Data records:
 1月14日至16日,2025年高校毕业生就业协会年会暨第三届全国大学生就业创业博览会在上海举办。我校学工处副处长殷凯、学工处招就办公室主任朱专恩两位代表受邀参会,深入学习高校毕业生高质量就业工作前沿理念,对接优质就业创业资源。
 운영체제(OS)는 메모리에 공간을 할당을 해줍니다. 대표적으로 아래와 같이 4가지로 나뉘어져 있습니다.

---

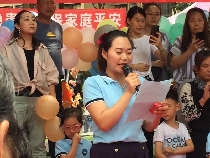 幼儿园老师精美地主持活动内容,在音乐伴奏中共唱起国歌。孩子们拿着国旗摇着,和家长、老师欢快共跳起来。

Problem description:
Please give again the lines above between the line holding "1月14日至16日,2025" and the line holding "운영체제(OS)는 메모리에 공간을", inclusive, exactly as they are and with nothing added.

Exercise output:
 1月14日至16日,2025年高校毕业生就业协会年会暨第三届全国大学生就业创业博览会在上海举办。我校学工处副处长殷凯、学工处招就办公室主任朱专恩两位代表受邀参会,深入学习高校毕业生高质量就业工作前沿理念,对接优质就业创业资源。
 운영체제(OS)는 메모리에 공간을 할당을 해줍니다. 대표적으로 아래와 같이 4가지로 나뉘어져 있습니다.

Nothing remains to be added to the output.